Protecting a portfolio during uncertain market conditions is always of interest for an investor, but what type of strategy could be considered to save it? Should someone jump on the hot trends in the market? Should they panic and just sell everything? What strategy could they consider to hedge their portfolio? Well, it is a fact that everyone has a different investment strategy but Zack Shepard of Matson Money shared his strategy about hedging a portfolio on a recent appearance on After The Bell, which airs on the Fox Business Channel.

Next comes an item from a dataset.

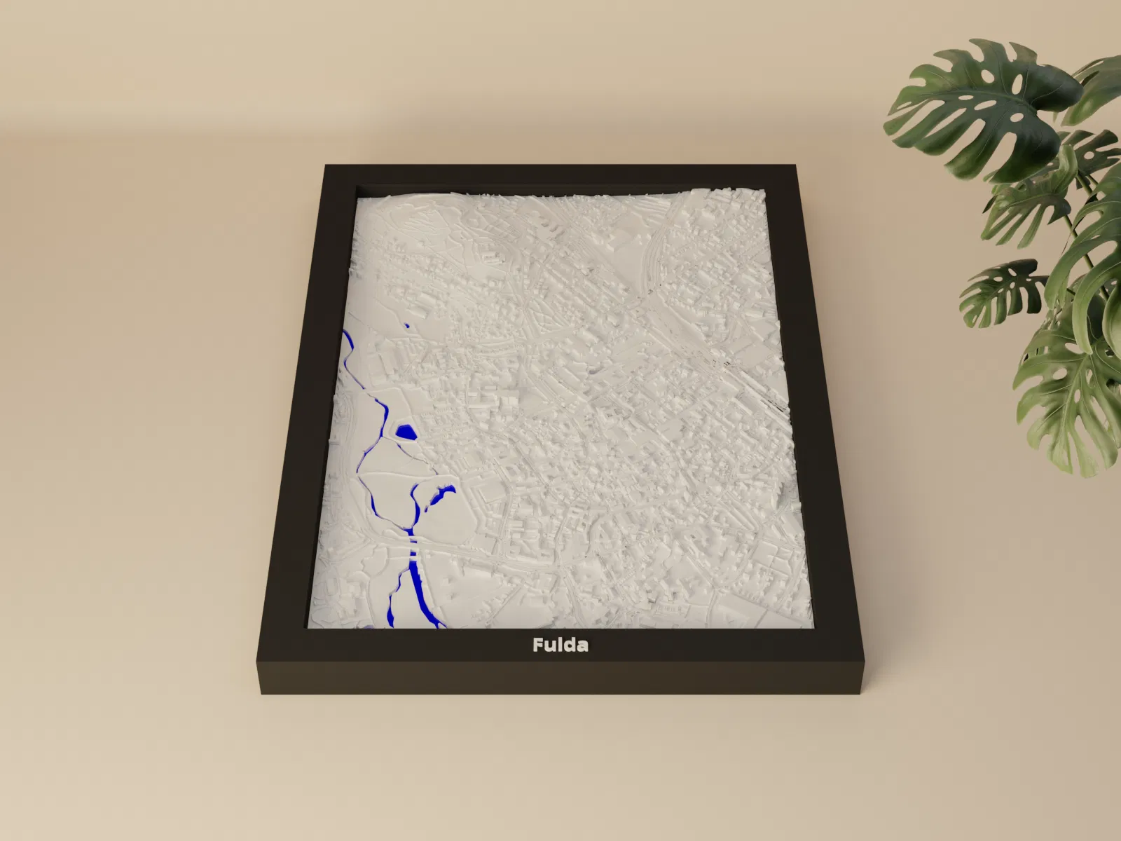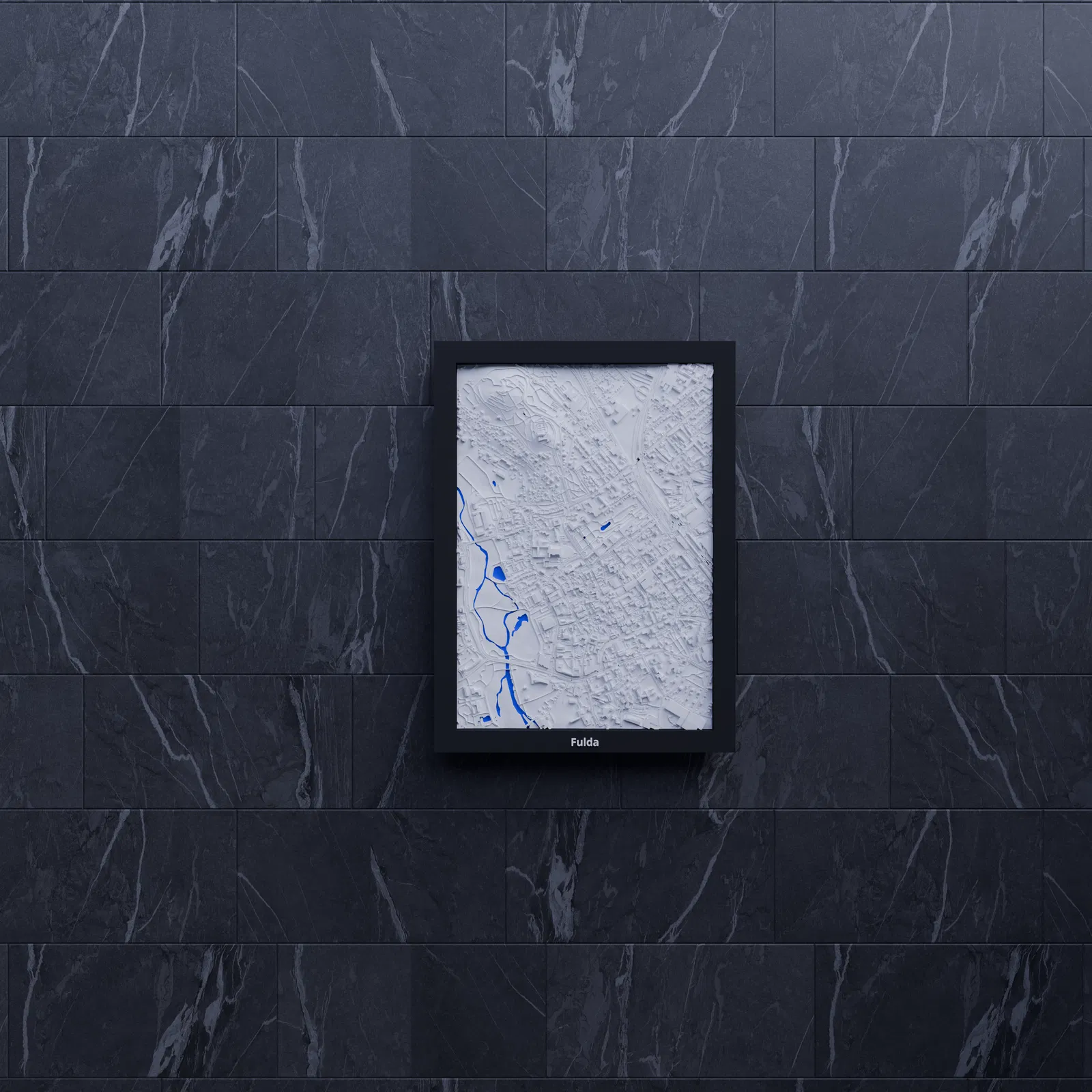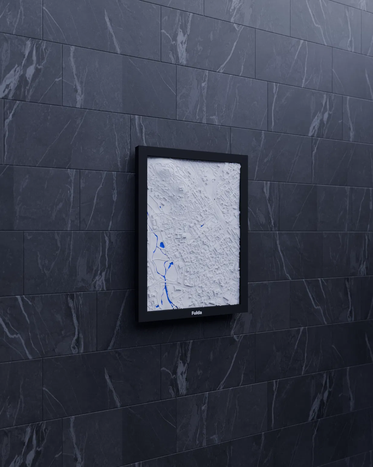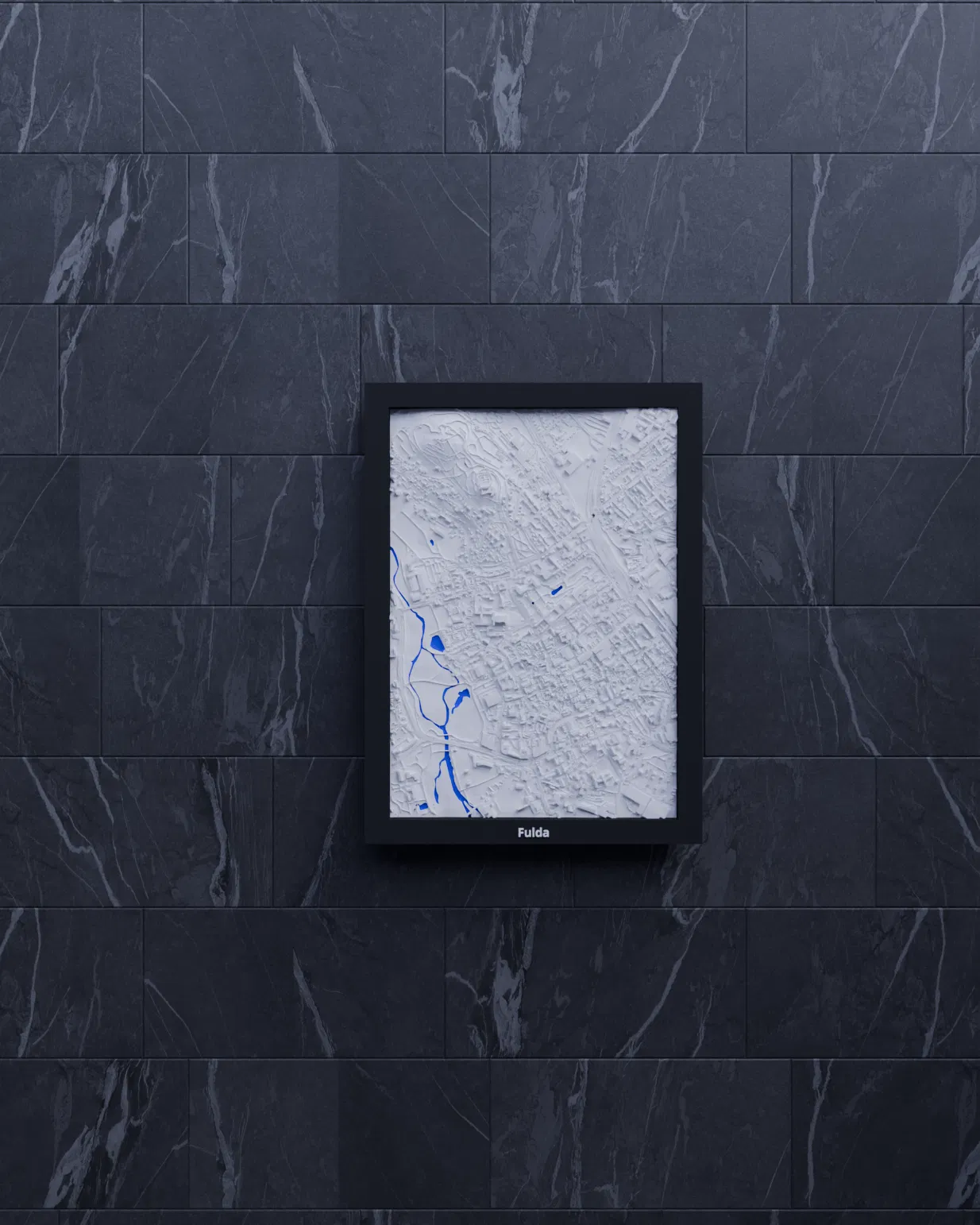 Mô hình mini địa hình topographic in 3D tái hiện Fulda (Đức) theo dữ liệu địa lý thật, thu nhỏ từ khu vực 1.677 km x 2.385 km xuống 119.5 x 170.5 mm. Kèm nhiều khung (frame) có lỗ treo, phù hợp học tập và decor.

Shepard's take on the topic stems from his work with Mark Matson who reviews strategies that will fall in line for the goals his own team sets, so it needs to be understood that past performance is not a guarantee of future results. At any rate, Shepard begins to explain that if someone wants to hedge their stock bets, as an alternative of investing in a hedge fund, that may want to contemplate the idea of hedging with short-term, high-quality fixed income instead. He continues to state that making bets on long-term maturities and fixed income may not be the greatest idea because investors can feel the negative effect of interest rates when they begin to change, which generates the possibility of losing money.

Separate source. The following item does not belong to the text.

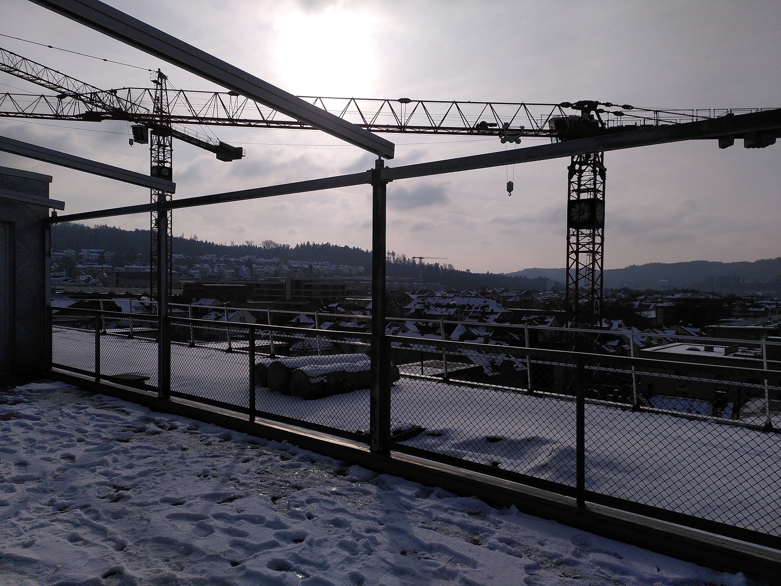Soeben war ich kurz auf der Gemeinschaftsdachterrasse für eine kurze Pause. Unter den Füssen spürt man Eis und Schnee. Es geht ein kalter Wind. Man blick über die schneebedeckten Gebäude- und Hausdächern der Stadt.

Shepard goes on to explain his strategy that involves staying globally diversified in over 12,000 companies around the world. This type of strategy allows him to hedge his investments intrinsically. Additionally, Shepard can then rebalance portfolios during market lows and highs. This investment principle is one of the key strategy plans Shepard and his team at Matson Money use while avoiding the chase of hot and trending picks of the market.
His strategy of maintaining a balanced portfolio during uncertain times in the market is a form of hedging a portfolio because no one can predict where the market will go, it is futile. At any rate, Shepard and the Matson Money team believe that investors with globally diversified portfolios have the chance to rebalance in the event a particular market declines.